Extracted data entries:

· · · · · · ·

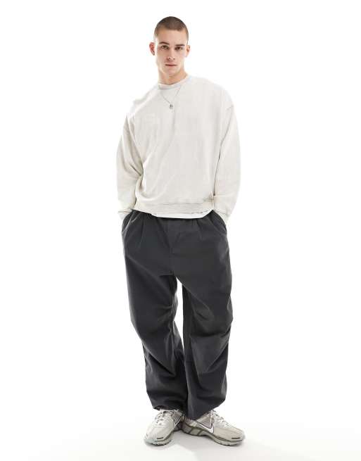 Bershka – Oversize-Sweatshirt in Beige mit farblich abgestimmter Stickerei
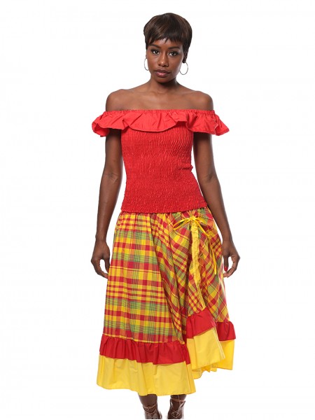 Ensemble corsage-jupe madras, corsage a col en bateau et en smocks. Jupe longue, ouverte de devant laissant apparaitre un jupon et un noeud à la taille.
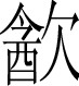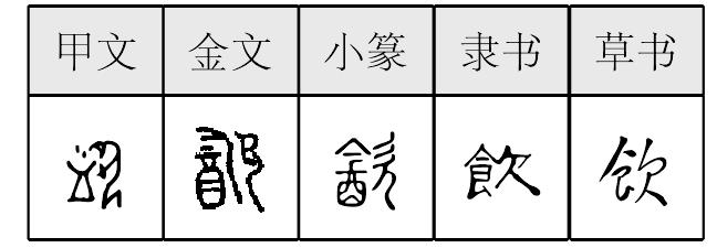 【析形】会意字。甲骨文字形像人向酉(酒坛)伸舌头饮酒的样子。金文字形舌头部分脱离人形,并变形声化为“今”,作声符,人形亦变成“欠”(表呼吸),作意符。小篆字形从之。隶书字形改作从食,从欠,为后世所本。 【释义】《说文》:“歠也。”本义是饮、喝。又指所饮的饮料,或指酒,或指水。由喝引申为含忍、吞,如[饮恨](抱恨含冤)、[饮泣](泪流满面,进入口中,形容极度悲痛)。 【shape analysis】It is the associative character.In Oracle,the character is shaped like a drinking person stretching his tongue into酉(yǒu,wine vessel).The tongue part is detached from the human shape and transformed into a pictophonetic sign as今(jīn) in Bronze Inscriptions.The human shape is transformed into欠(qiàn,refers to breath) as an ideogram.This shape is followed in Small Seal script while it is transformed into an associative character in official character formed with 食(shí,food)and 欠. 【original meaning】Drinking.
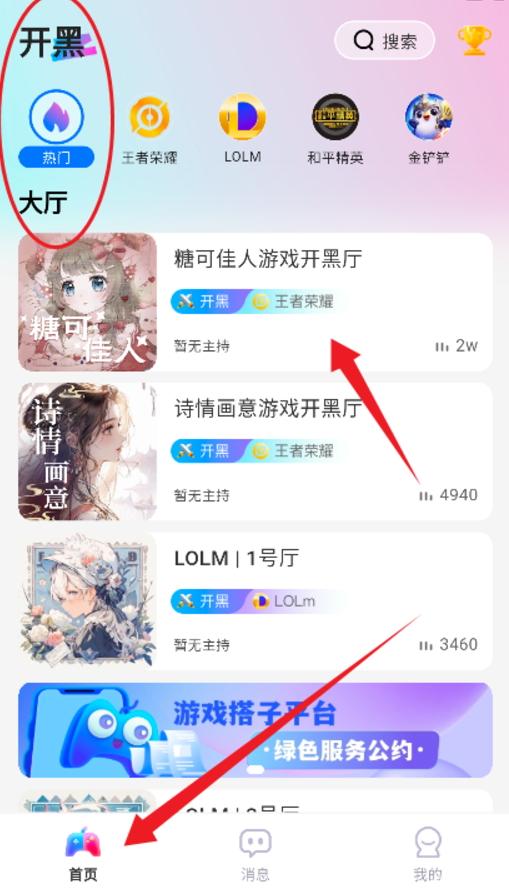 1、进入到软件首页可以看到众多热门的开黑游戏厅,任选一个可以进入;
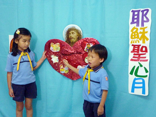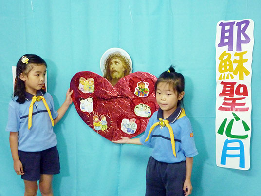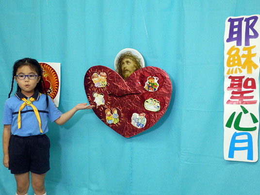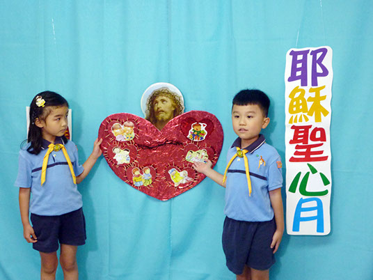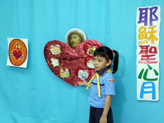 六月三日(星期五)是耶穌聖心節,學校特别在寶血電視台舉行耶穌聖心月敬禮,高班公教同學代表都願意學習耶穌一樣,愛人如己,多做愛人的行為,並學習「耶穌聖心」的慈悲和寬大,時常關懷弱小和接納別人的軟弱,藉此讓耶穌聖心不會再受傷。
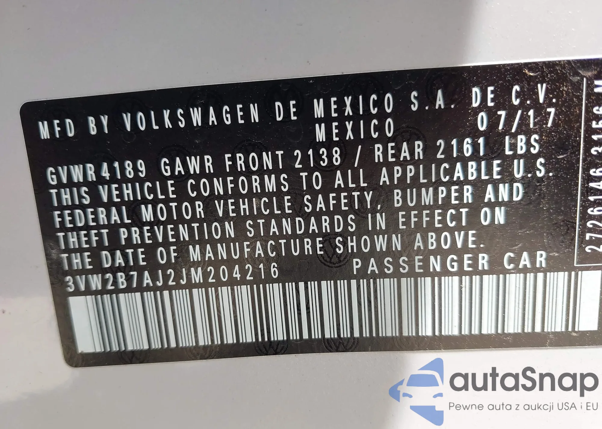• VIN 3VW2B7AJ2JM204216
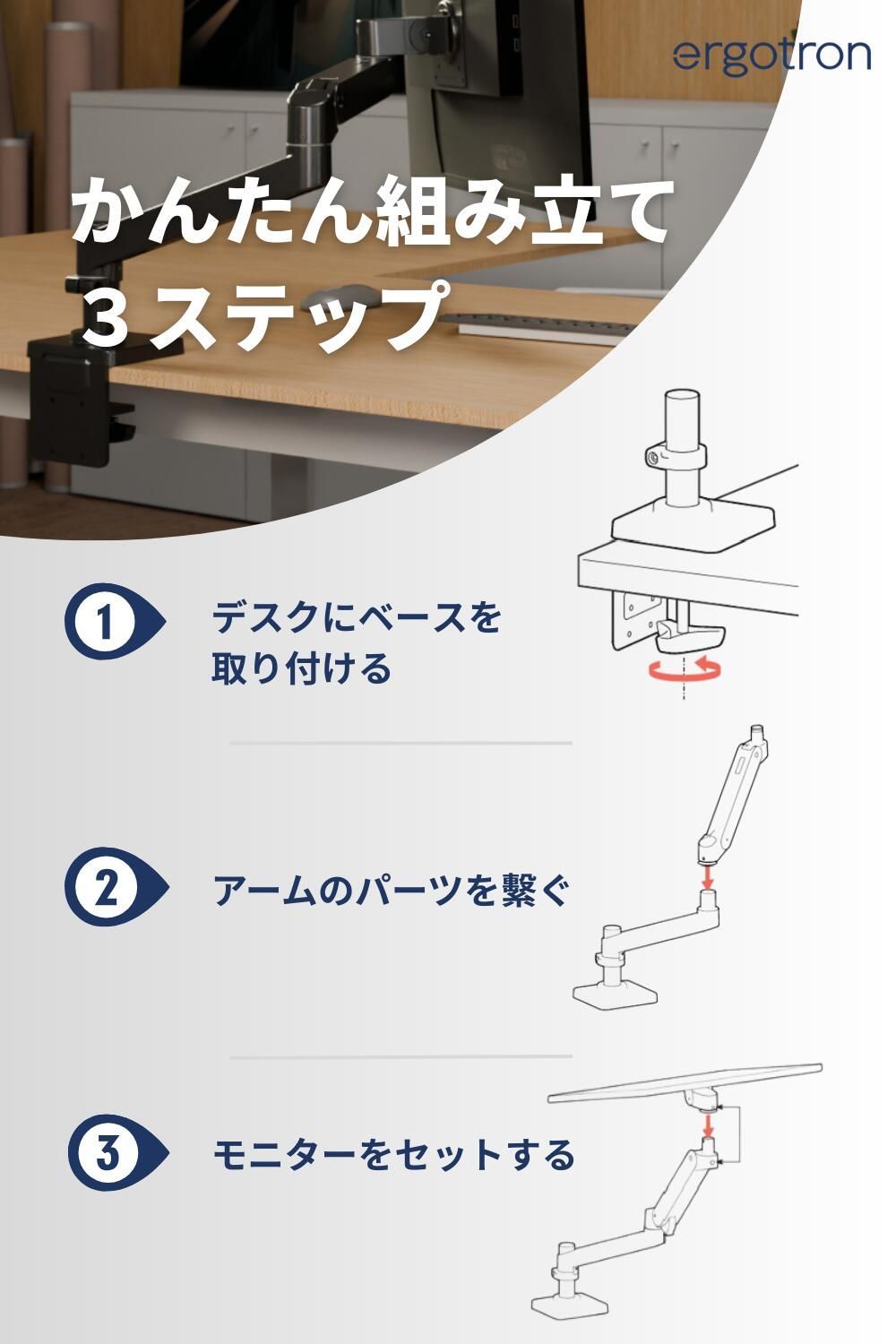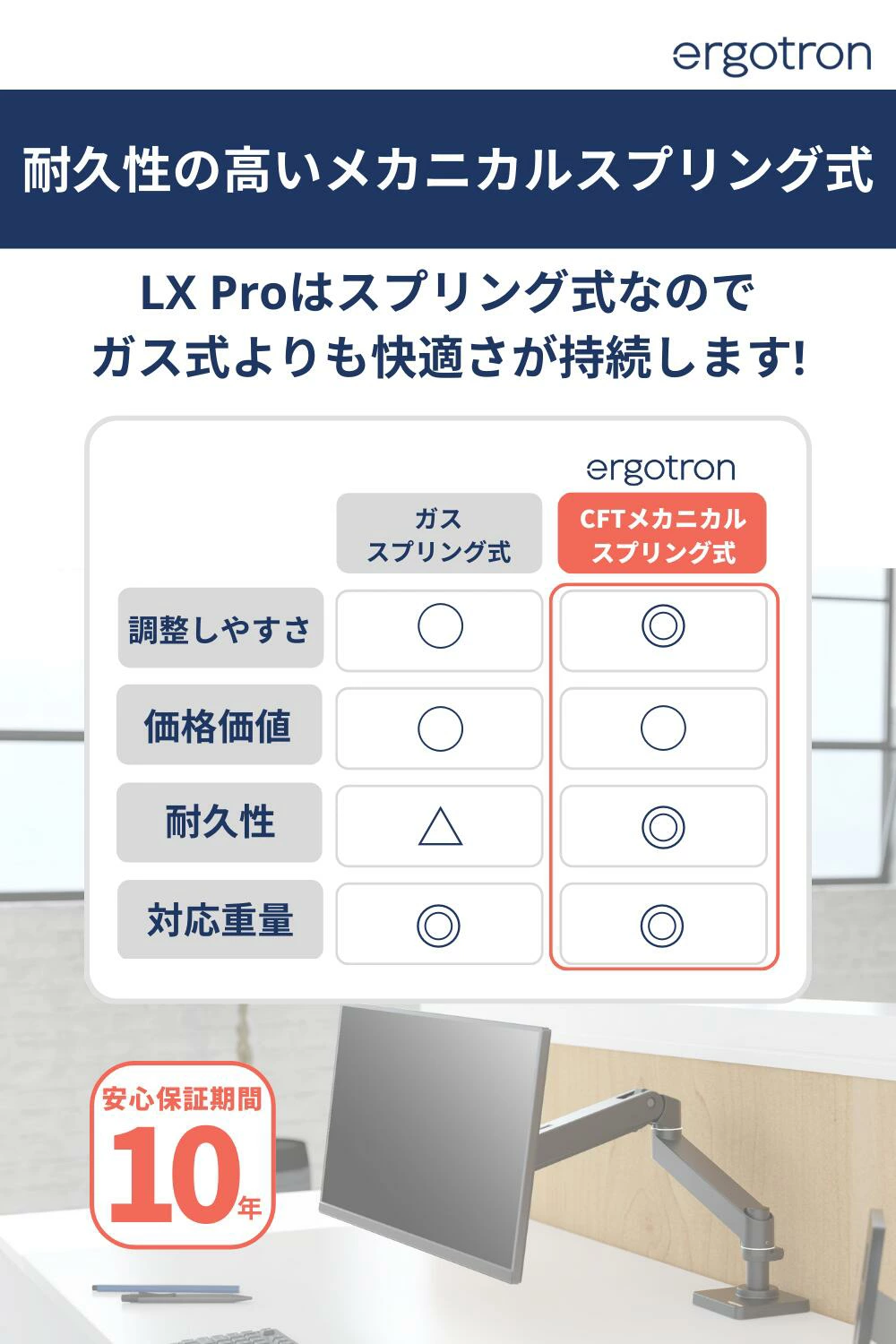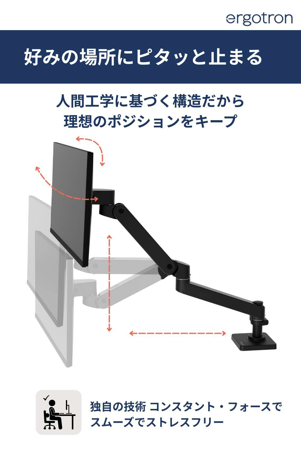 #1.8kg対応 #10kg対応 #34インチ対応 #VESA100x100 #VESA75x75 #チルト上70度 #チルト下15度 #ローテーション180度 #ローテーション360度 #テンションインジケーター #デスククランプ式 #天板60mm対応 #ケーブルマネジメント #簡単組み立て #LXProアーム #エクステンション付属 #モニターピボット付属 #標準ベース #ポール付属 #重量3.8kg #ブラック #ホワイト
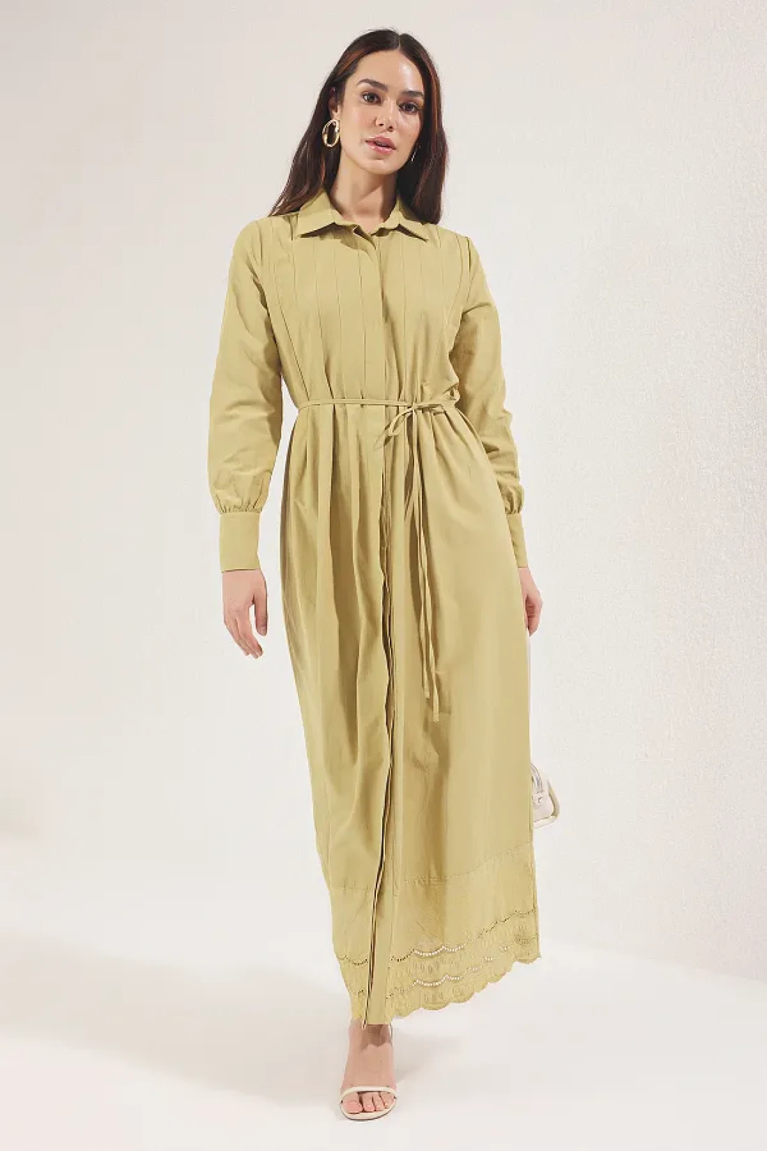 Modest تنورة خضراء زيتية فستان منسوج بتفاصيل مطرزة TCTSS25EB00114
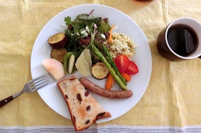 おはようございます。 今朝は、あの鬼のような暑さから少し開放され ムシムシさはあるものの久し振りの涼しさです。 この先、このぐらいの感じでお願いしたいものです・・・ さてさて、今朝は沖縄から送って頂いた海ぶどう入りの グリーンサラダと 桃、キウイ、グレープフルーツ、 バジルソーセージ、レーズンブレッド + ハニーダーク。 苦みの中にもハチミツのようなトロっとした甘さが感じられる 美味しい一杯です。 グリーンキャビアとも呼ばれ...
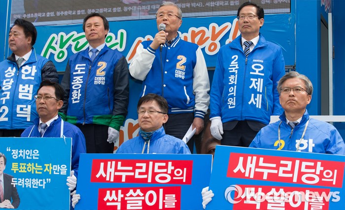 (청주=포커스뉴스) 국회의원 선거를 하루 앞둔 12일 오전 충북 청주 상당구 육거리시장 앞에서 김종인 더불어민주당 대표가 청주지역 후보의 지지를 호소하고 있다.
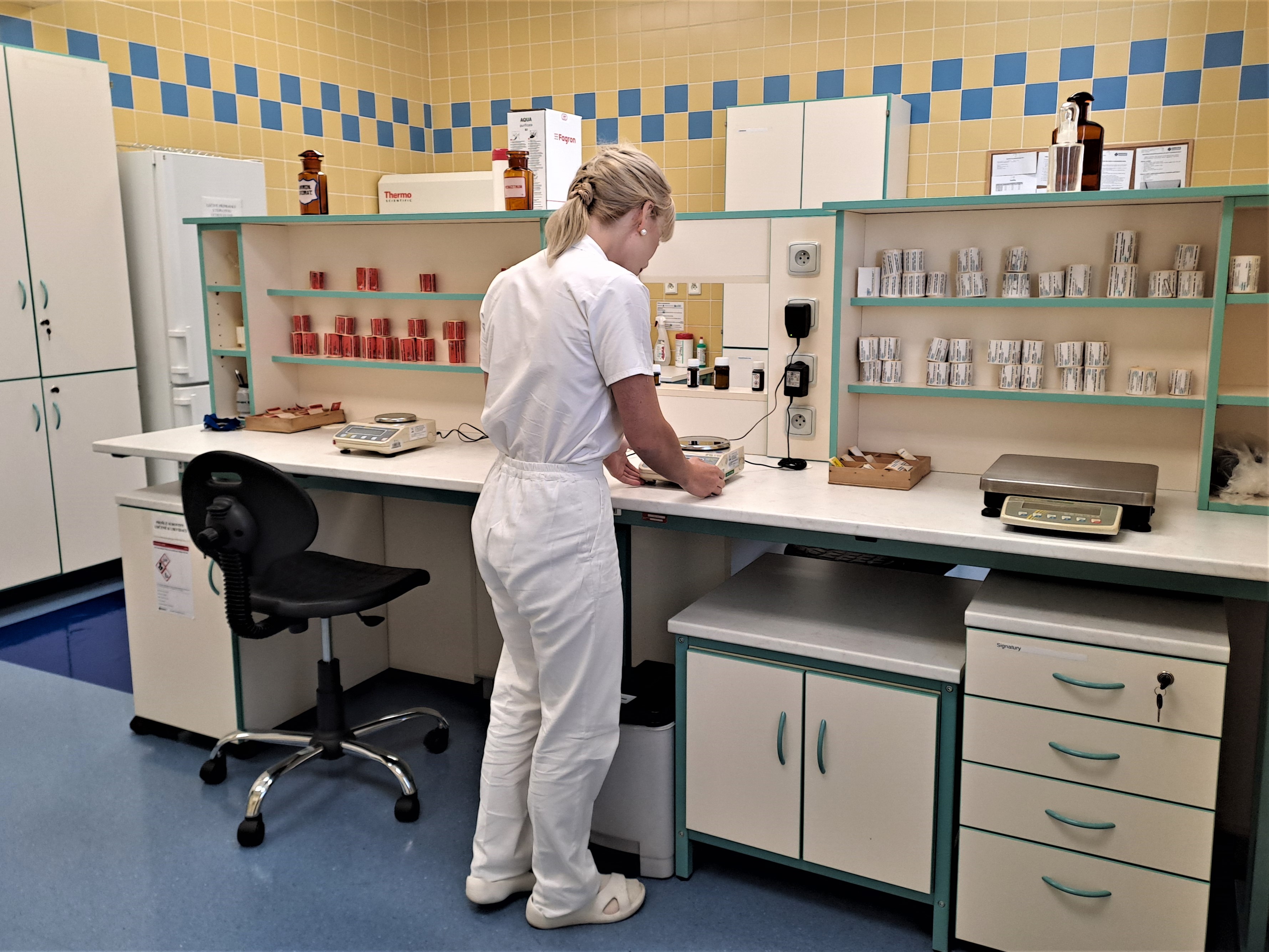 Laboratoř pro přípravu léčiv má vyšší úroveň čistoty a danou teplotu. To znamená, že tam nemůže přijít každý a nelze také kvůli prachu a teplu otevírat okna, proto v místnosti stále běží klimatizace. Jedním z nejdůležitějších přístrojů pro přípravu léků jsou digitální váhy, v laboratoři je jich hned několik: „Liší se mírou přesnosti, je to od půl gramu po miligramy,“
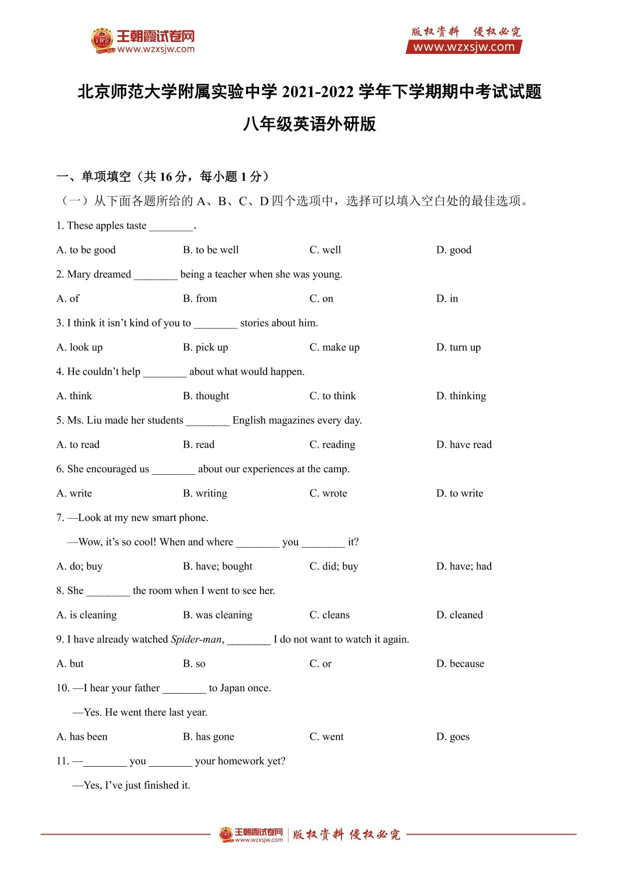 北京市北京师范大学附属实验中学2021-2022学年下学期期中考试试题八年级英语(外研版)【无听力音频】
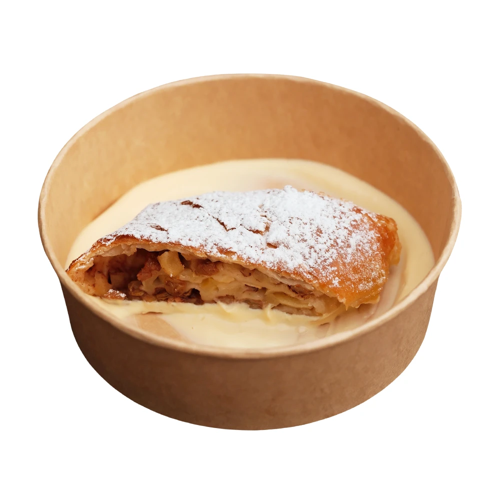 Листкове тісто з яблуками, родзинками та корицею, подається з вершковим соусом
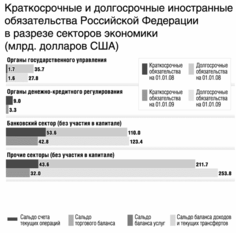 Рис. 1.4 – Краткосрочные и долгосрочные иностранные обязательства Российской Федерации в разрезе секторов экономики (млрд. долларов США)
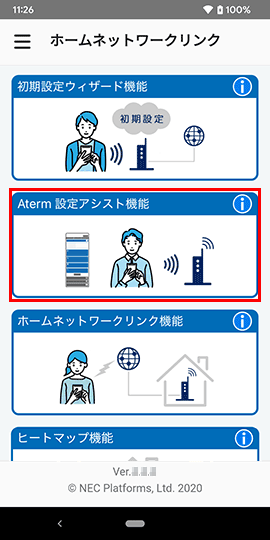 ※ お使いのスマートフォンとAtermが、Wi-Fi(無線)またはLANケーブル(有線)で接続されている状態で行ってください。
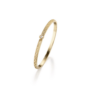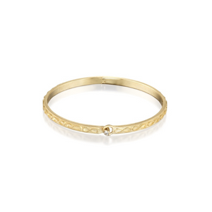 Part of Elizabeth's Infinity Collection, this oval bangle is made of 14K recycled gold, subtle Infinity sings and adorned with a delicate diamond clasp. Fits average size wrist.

· · · · · · ·

_THE PROBLEM_. Repeat only the stretch of data above that runs from the line with "おはようございます。 今朝は、あの鬼のような暑さから少し開放され ムシムシさはあるものの久し振りの涼しさです。" to the line with "Laboratoř pro přípravu". Keep both end lines; exclude pictures.

_RESULT FOR THIS TASK_.
 おはようございます。 今朝は、あの鬼のような暑さから少し開放され ムシムシさはあるものの久し振りの涼しさです。 この先、このぐらいの感じでお願いしたいものです・・・ さてさて、今朝は沖縄から送って頂いた海ぶどう入りの グリーンサラダと 桃、キウイ、グレープフルーツ、 バジルソーセージ、レーズンブレッド + ハニーダーク。 苦みの中にもハチミツのようなトロっとした甘さが感じられる 美味しい一杯です。 グリーンキャビアとも呼ばれ...
 (청주=포커스뉴스) 국회의원 선거를 하루 앞둔 12일 오전 충북 청주 상당구 육거리시장 앞에서 김종인 더불어민주당 대표가 청주지역 후보의 지지를 호소하고 있다.
 Laboratoř pro přípravu léčiv má vyšší úroveň čistoty a danou teplotu. To znamená, že tam nemůže přijít každý a nelze také kvůli prachu a teplu otevírat okna, proto v místnosti stále běží klimatizace. Jedním z nejdůležitějších přístrojů pro přípravu léků jsou digitální váhy, v laboratoři je jich hned několik: „Liší se mírou přesnosti, je to od půl gramu po miligramy,“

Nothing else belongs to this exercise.